Count the lines in the data below that include the word "were", then state the total and nothing besides.

**** Supplied data ****

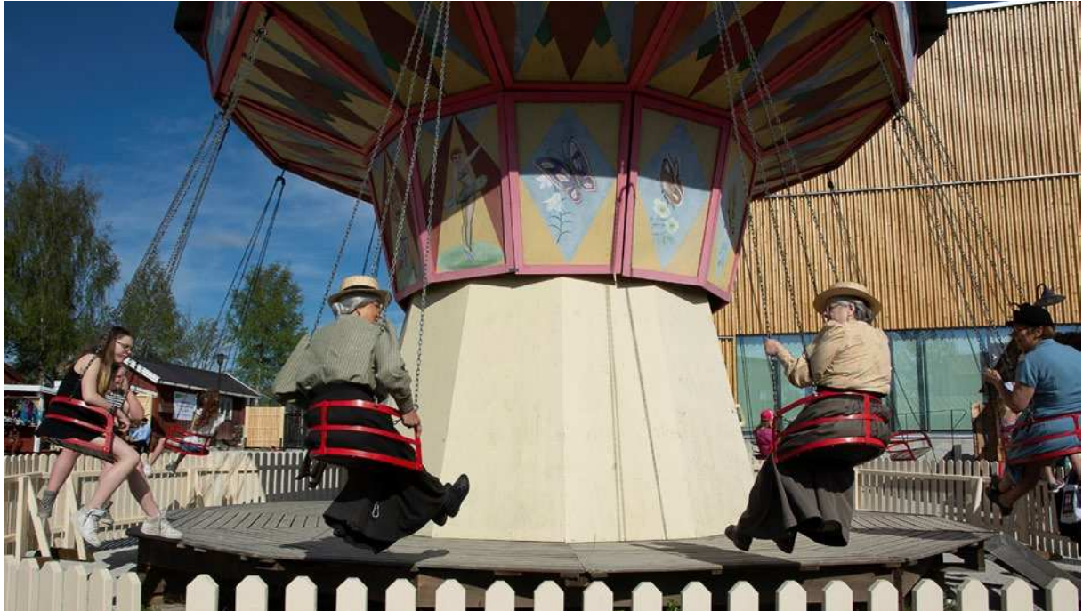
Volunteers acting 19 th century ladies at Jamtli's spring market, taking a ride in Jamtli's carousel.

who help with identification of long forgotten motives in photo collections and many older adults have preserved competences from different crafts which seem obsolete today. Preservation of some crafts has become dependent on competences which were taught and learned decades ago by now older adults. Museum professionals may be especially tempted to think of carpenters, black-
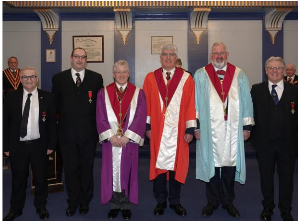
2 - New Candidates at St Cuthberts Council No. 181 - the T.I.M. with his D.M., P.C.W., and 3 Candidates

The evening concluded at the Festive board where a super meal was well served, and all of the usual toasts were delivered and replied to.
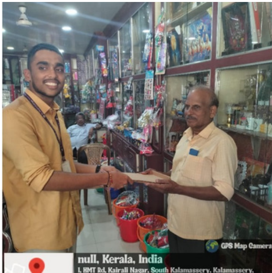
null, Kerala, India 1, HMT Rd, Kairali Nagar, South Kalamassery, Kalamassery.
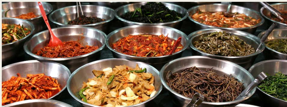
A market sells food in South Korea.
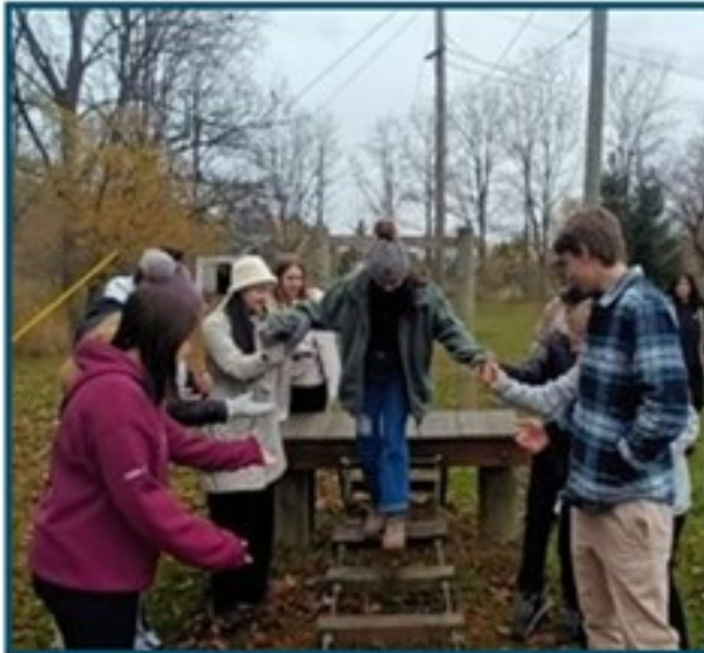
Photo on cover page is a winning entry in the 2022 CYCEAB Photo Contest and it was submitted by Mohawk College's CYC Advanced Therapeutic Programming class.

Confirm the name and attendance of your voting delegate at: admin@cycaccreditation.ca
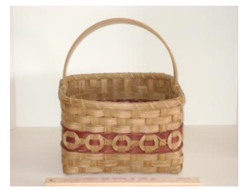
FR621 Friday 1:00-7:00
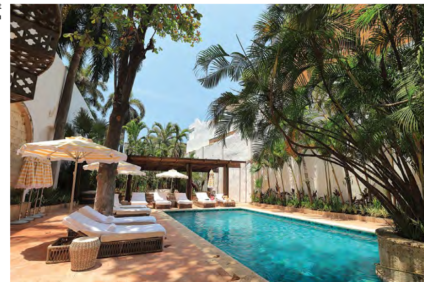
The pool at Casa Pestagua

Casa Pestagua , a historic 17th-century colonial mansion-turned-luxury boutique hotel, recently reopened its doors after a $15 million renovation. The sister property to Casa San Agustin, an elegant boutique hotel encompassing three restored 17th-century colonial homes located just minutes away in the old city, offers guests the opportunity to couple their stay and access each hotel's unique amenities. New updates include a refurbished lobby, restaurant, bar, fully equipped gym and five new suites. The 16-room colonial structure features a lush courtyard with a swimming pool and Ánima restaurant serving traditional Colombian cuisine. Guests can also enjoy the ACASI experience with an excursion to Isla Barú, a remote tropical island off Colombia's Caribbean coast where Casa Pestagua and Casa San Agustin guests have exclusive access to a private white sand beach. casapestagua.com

****

**The answer:**
2